THE PROBLEM: From the material below, please set down exactly the lines starting with the one with "肩書あだ名 | 『ほそぐちみさ御曹司』 |" and going on through the one with "賽后卡魯索接受ESPN采訪,霍姆格倫光著", without a single picture.

━━━━━━━━━━━━━━━━━━━━

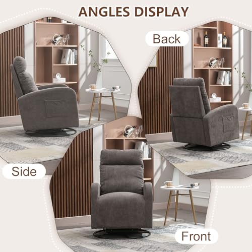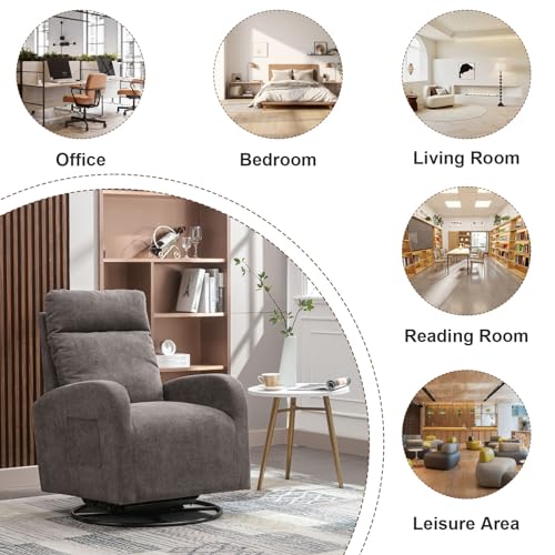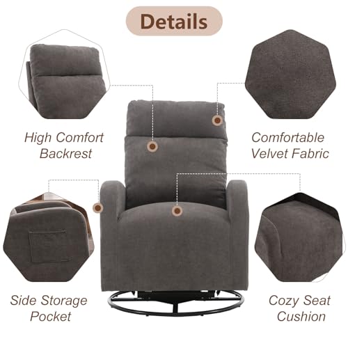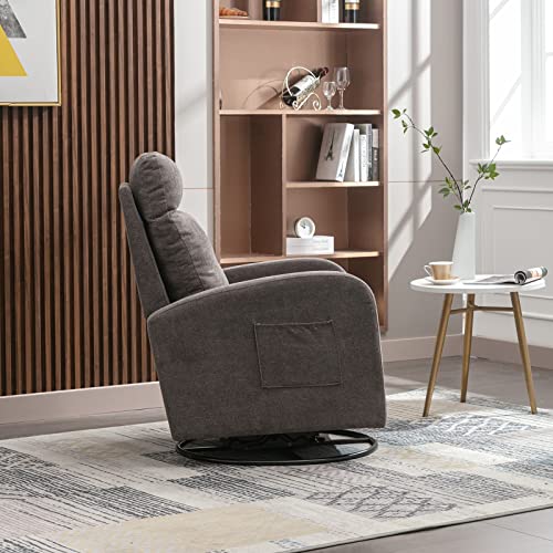 Swivel Rocking Chair,Nursery Swivel Glide Armchair Linden Fabric Upholstered Modern Rocking Chairs with High Backrest for Nursery, Bedroom, Living Room(Dark Gray
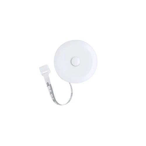 Cinta métrica de PVC de 150cm de largo y mecanismo retráctil con botón de parada. Escala impresa en color negro de cm y pulgadas.
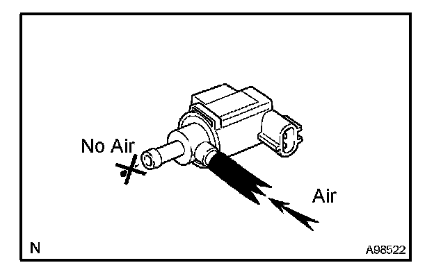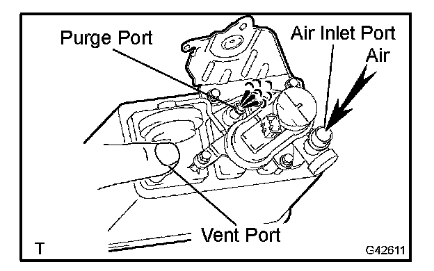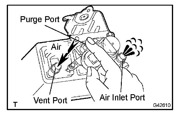 1. With the purge port closed, blow 1.67 kPa (17.0 gf/sq.cm, 0.24 psi) of air into the vent port, and check that air flows from the air inlet port.
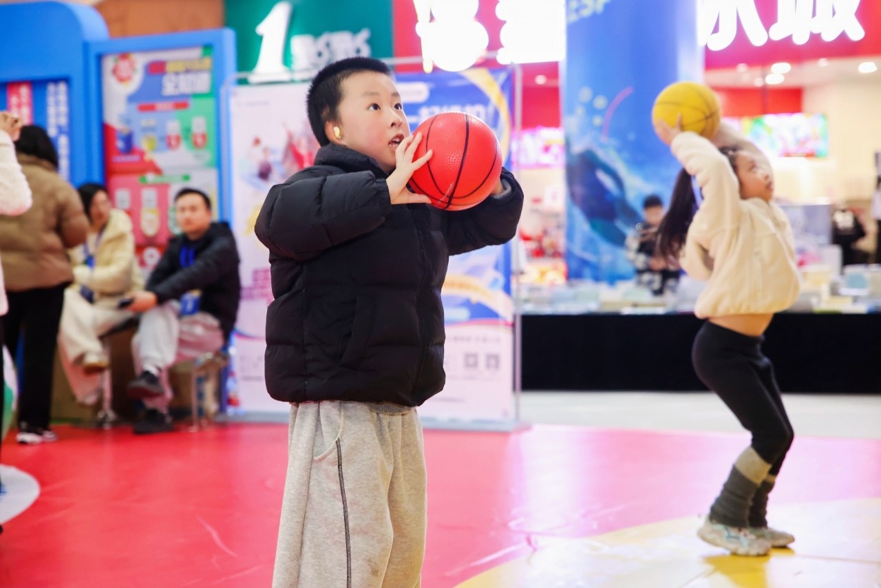 “投中了!投中了!”随着一声欢呼,名为“超级大乐投”的互动区域率先引爆了现场气氛。这项升级后的投篮挑战设置了“二选一”模式,要么一次性投入右侧双篮筐,要么在15秒内命中左侧篮筐,激发了许多大人、小孩的“斗志”,无论准求精准的成年人,还是跃跃欲试的小朋友,都在此展开了激烈“比拼”。
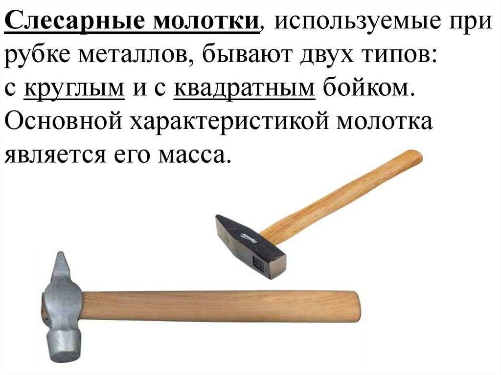 Слесарные молотки, используемые прирубке металлов, бывают двух типов:
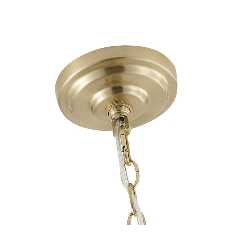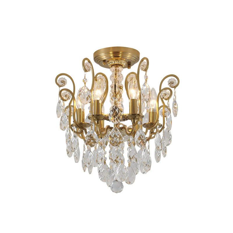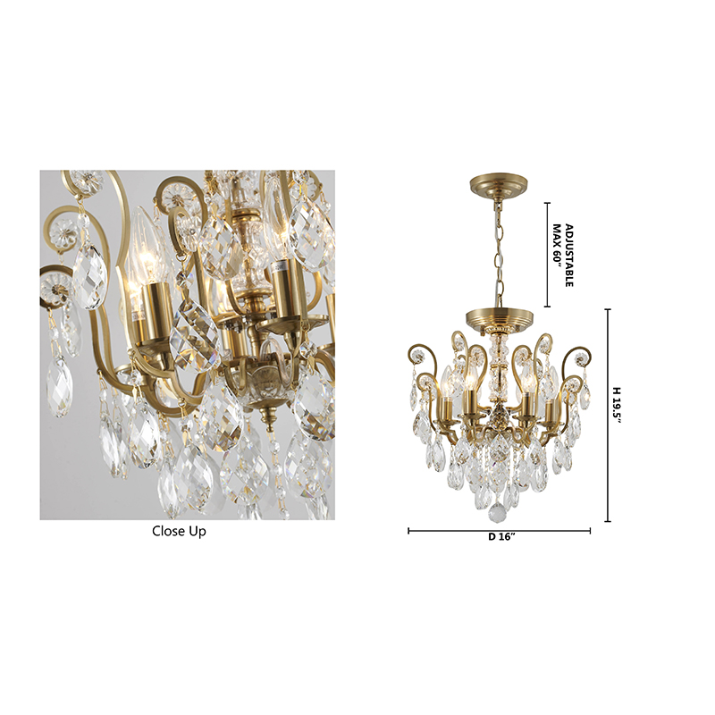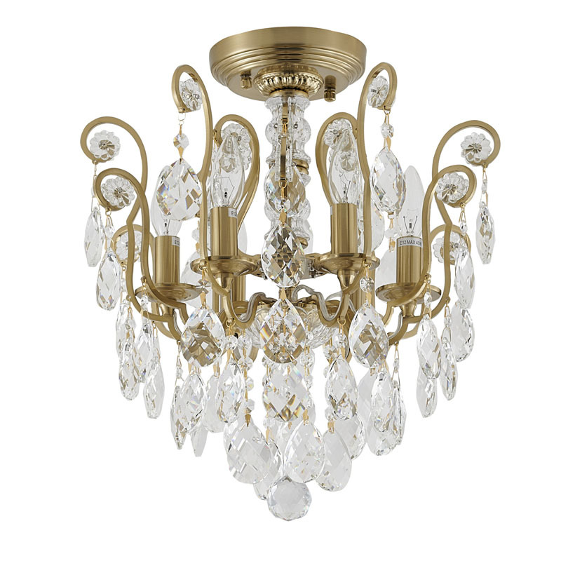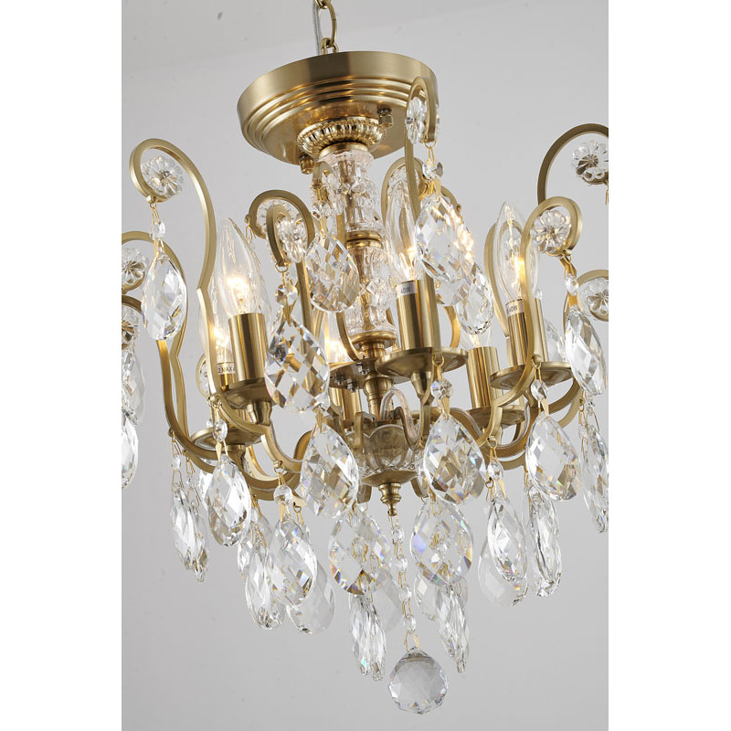 AN ANTIQUE BRASS FRAME CHANDELIER WITH CLEAR HANGING CRYSTALS
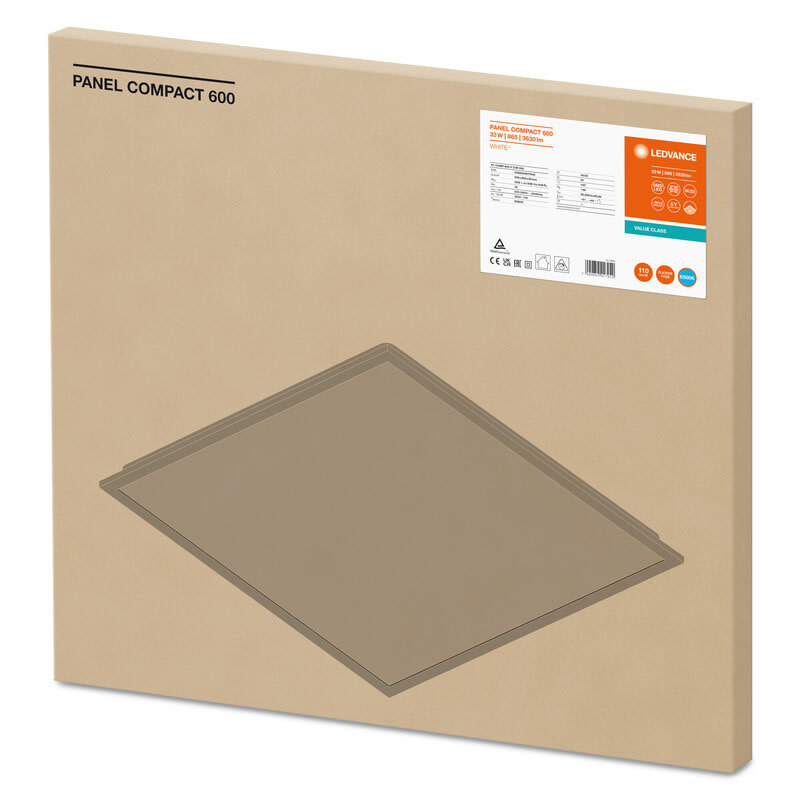 LEDVANCE PANEL COMPACT 600 33W/6500K LED-moduulivalaisin. Valovirta 3630 lm, avauskulma 120D ja valotehokkuus 110 lm/W. IP40- ja IK02-luokiteltu. Mitat: 595 x 595 x 32 mm. Keskimääräinen käyttöikä 70 000 h. PANEL COMPACT -tuoteperheen pitkä 70 000 tunnin käyttöikä ja jopa viiden vuoden takuu tekee siitä houkuttelevan kustannustehokkaan vaihtoehdon valaistuskohteeseesi. UGR19-mallit soveltuvat mikroprismavalopinnan takia erinomaisesti toimistojen yleisvalaisimeksi.
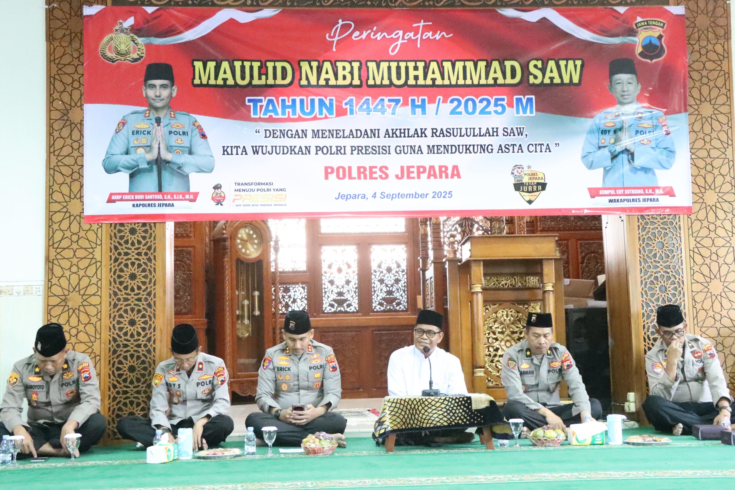 Kapolres Jepara AKBP Erick pun menyampaikan apresiasi atas terselenggaranya peringatan Maulid ini. Menurutnya, nilai kejujuran, amanah, dan kepedulian sosial yang diwariskan Rasulullah adalah pedoman penting bagi Polri.
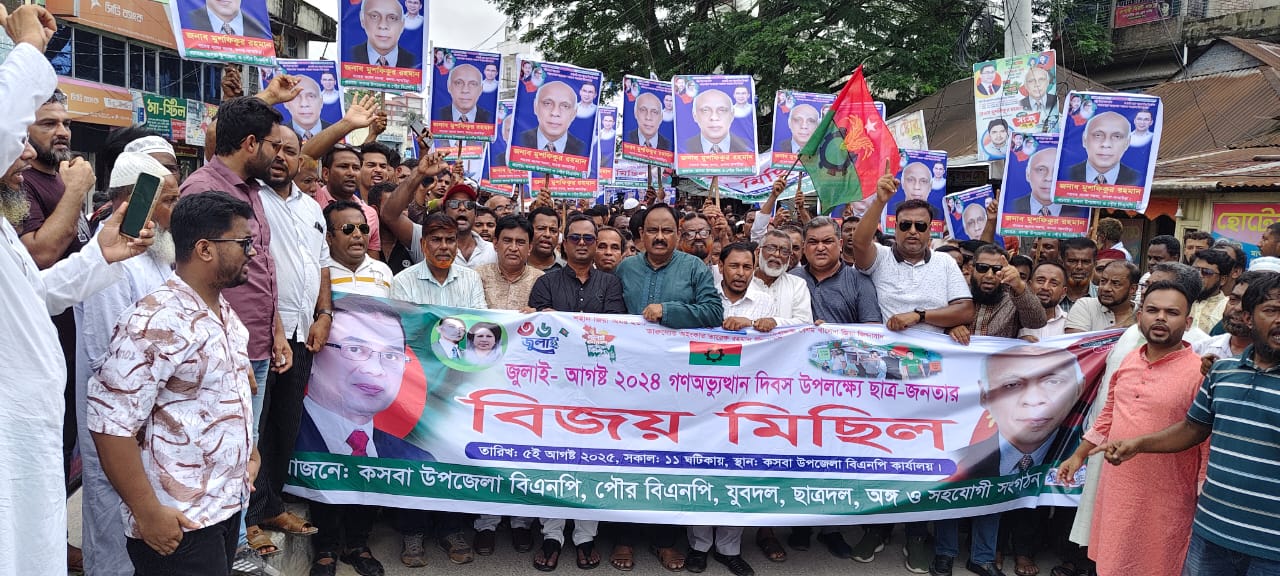 অধ্যাপক শেখ কামাল উদ্দিন,বিশেষ প্রতিনিধি : ব্রাহ্মণবাড়িয়ার কসবায় জুলাই গণঅভ্যুত্থান দিবস উপলক্ষে ছাত্র-জনতার বিজয় মিছিল অনুষ্ঠিত হয়েছে। মঙ্গলবার ০৫ আগস্ট বেলা ১১টার দিকে কসবা উপজেলা বিএনপি, পৌর বিএনপি, যুবদল, ছাত্রদল, অঙ্গ ও সহযোগী সংগঠনের উদ্যোগে এ বিজয় মিছিল অনুষ্ঠিত হয়। এ সময় কসবা উপজেলা বিএনপি’র স্থানীয় কার্যালয়ের সামনে থেকে একটি বিজয় মিছিল বের হয়। মিছিলটি পৌর শহরের প্রধান প্রধান সড়ক প্রদক্ষিণ শেষে সুপার মার্কেট চত্বরে সভা অনুষ্ঠিত হয়।
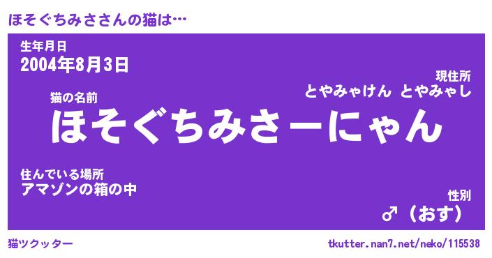 | 肩書あだ名 | 『ほそぐちみさ御曹司』 |
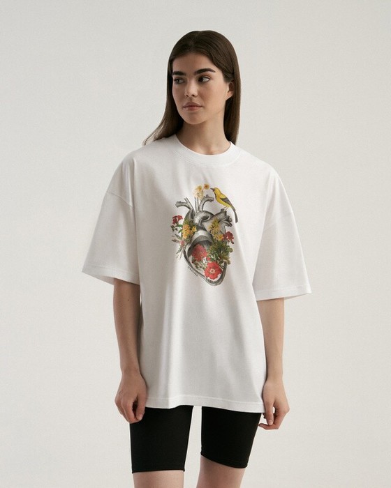 Футболка свободного силуэта. Спущенное плечо. Горловина из двух деталей, из рибаны.
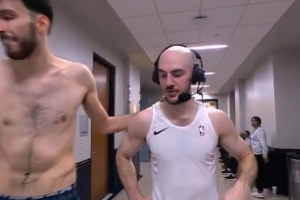 賽后卡魯索接受ESPN采訪,霍姆格倫光著膀子路過。巴克利調(diào)侃道:“告訴切特穿上衣服。他的身材還不夠好,不配光著膀子到處走?!?/p>
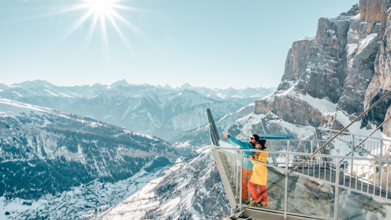 Leukerbad - Gemmipass is a mountain resort in Leukerbad, Switzerland, offering a range of activities including skiing, hiking, and cross-country skiing. The Gemmi Pass cable car provides panoramic views of the highest Swiss peaks, while the 12km cross-country trails offer diverse routes for all skill levels. The resort also features 50km of slopes, serviced by eight ski lifts, and a variety of hotels and accommodations. The Gemmi Pass is a historic crossing point between Leukerbad and Kandersteg, accessible by mountain rail.
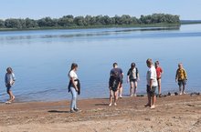 Сегодня с участниками лагеря "Мозаика" была проведена экскурсия на берег реки Кама. Главная цель нашей экскурсии было наблюдение за деревьями и растениями, растущими у реки, за сезонными изменениями в природе. Но в ходе наблюдений и бесед были задеты и другие важные вопросы. Дети вспомнили название реки, с большим интересом наблюдали за её течением, рассмотрели деревья, растущие у берега. Вспомнили о том, как происходит круговорот воды в природе. А также ребята порассуждали на тему: «Почему вода в реках становится грязной? Как сделать реку чистой?». Поиграли на поляне у реки в подвижные игры. Весело и интересно провели время.
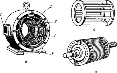 Рисунок 34 - Устройство асинхронного двигателя а - статор; б - короткозамкнутая обмотка ротора (беличья клетка); в - ротор в собранном виде; 1 - клеммный щиток; 2 - станина; 3 - обмотка; 4 - сердечник; 5 - лапа.
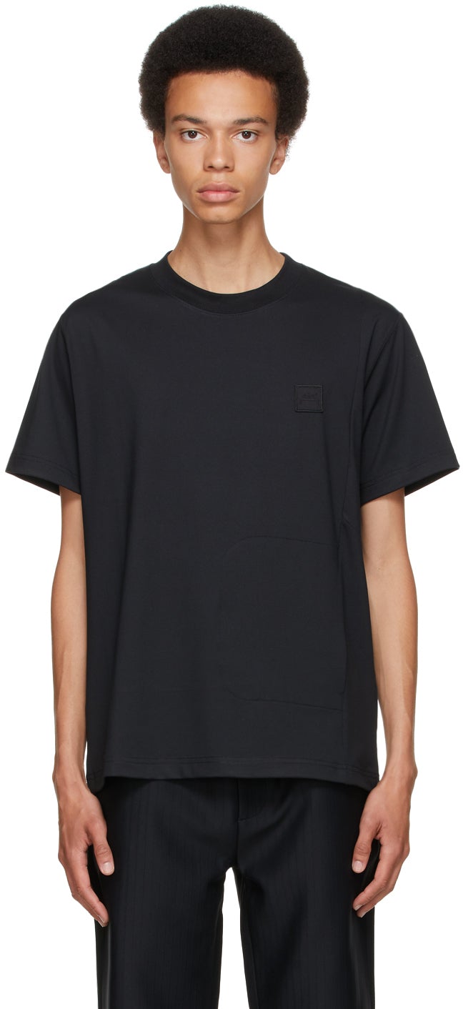 Short sleeve stretch technical jersey T-shirt in black. Rib knit crewneck collar. Tonal textile logo patch at chest. Welt pocket at waist. Logo embroidered at back hem. Supplier color: Black 86% polyester, 14% elastane. Brand: A-COLD-WALL*

━━━━━━━━━━━━━━━━━━━━

ANSWER TO THIS EXERCISE:
 | 肩書あだ名 | 『ほそぐちみさ御曹司』 |
 Футболка свободного силуэта. Спущенное плечо. Горловина из двух деталей, из рибаны.
 賽后卡魯索接受ESPN采訪,霍姆格倫光著膀子路過。巴克利調(diào)侃道:“告訴切特穿上衣服。他的身材還不夠好,不配光著膀子到處走?!?/p>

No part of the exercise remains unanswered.